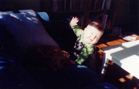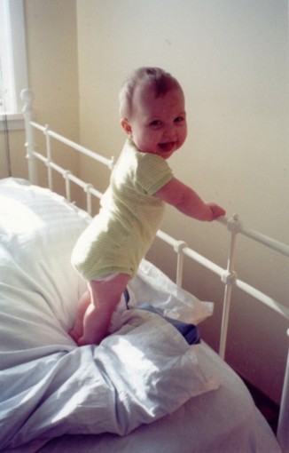 Rétt tæplega eins árs gömul María reynir að skýla sér fyrir vorsólinni árið 2001.
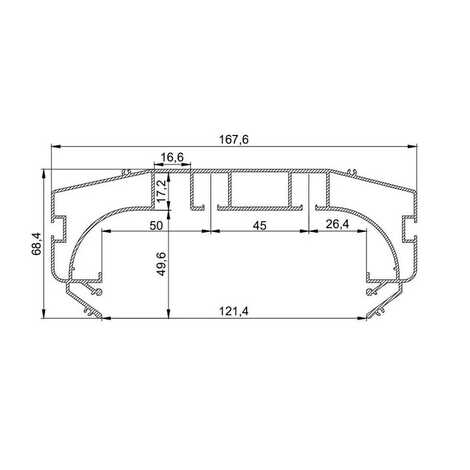 Скрытый карниз SK Magnum: Разновидность дизайнерского карниза. Он представляет собой цельнометаллический профиль белого или черного цвета с двумя рядами для крепления крючков. Обладает увеличенным размером между рядами для крепления штор. Карниз имеет оптимальную ширину, для того чтобы складки на шторах формировались правильно. Возможна установка светодиодной ленты для подсветки штор. Конструкция профиля предусматривает фиксацию полотна при помощи гарпунной системы крепления. Паз для фиксации гарпуна закрывается маскирующей вставкой, алюминиевой или ПВХ.
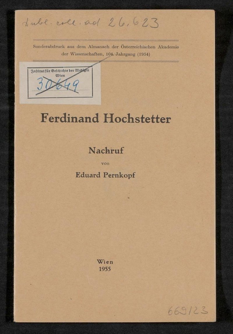Es handelt sich um einen 24-seitigen Sonderdruck aus dem Almanach der Österreichischen Akademie der Wissenschaften, 104. Jg., 1954, S. 386-402, inkl. Porträt-Abbildung, gedruckt von Adolf Holzhausens, Nachfolger, Wien 1954.
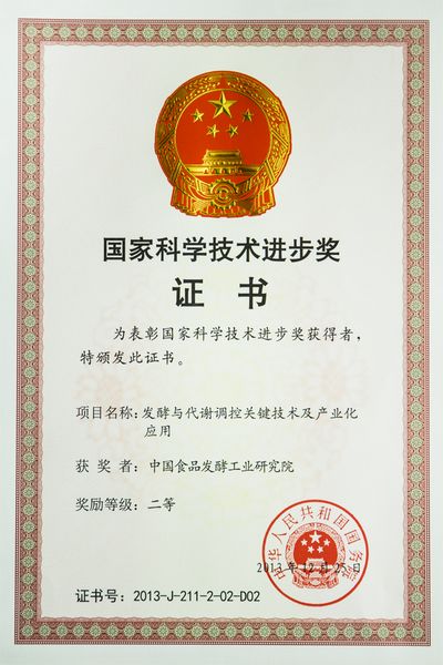 在剛剛閉幕的2013年度國家科技獎勵大會上,中國食品發(fā)酵工業(yè)研究院參加完成的“發(fā)酵與代謝調(diào)控關(guān)鍵技術(shù)及產(chǎn)業(yè)化應(yīng)用”成果,榮獲2013年度國家科技進步二等獎(張五九副院長在獲獎人員中排名第二)。
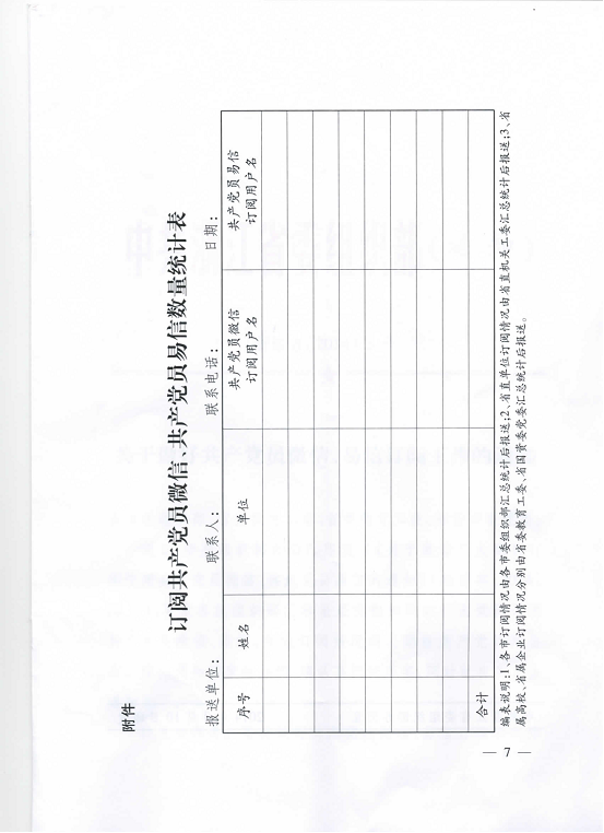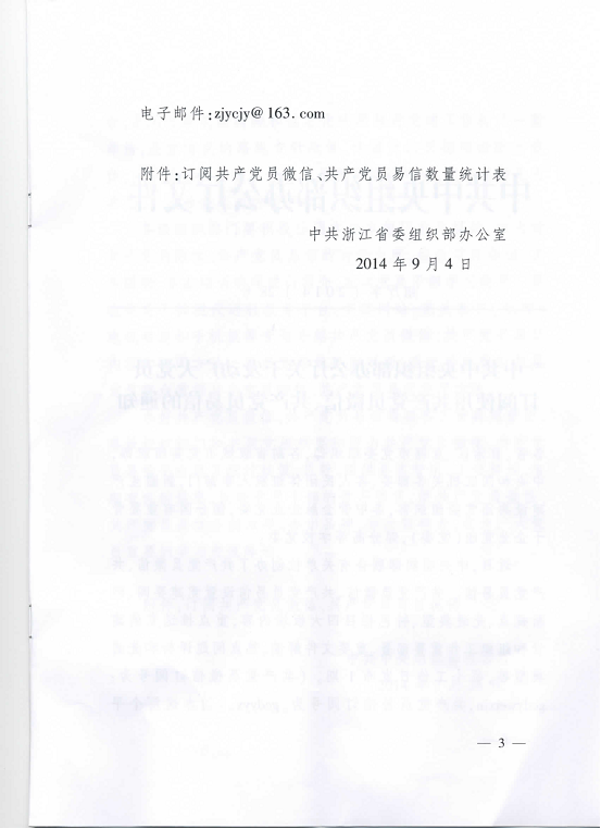 现将省委组织部《关于做好共产党员微信、易信订阅工作的通知》(浙组办﹝2014﹞5号)转发给你们,请按通知要求,发动广大师生党员根据使用习惯订阅共产党员微信或易信,并于每月23日前,将《订阅共产党员微信、共产党员易信数量统计表》报组织部(2014年10月份开始,只需报送每月新增党员订阅情况统计)。Email:[email protected]。联系电话:85070107。
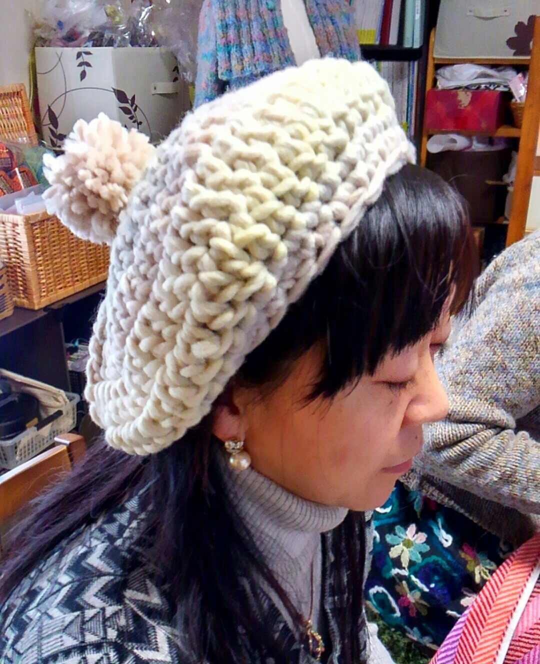 ヂヤンテイ織りのベレー帽に取り組んでいらっしゃいまして。
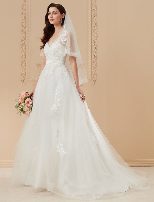 Regular price $189.99 USDRegular priceUnit price / per$269.99 USDSale price $189.99 USDSaleWedding Dresses Ball Gown V Neck Regular Straps Floor Length Tulle Over Lace Bridal Gowns
*****
Beginning with the line containing "现将省委组织部《关于做好共产" and ending with the last line of the data, output those lines exactly and nothing more. Omit every picture.

 现将省委组织部《关于做好共产党员微信、易信订阅工作的通知》(浙组办﹝2014﹞5号)转发给你们,请按通知要求,发动广大师生党员根据使用习惯订阅共产党员微信或易信,并于每月23日前,将《订阅共产党员微信、共产党员易信数量统计表》报组织部(2014年10月份开始,只需报送每月新增党员订阅情况统计)。Email:[email protected]。联系电话:85070107。
 ヂヤンテイ織りのベレー帽に取り組んでいらっしゃいまして。
 Regular price $189.99 USDRegular priceUnit price / per$269.99 USDSale price $189.99 USDSaleWedding Dresses Ball Gown V Neck Regular Straps Floor Length Tulle Over Lace Bridal Gowns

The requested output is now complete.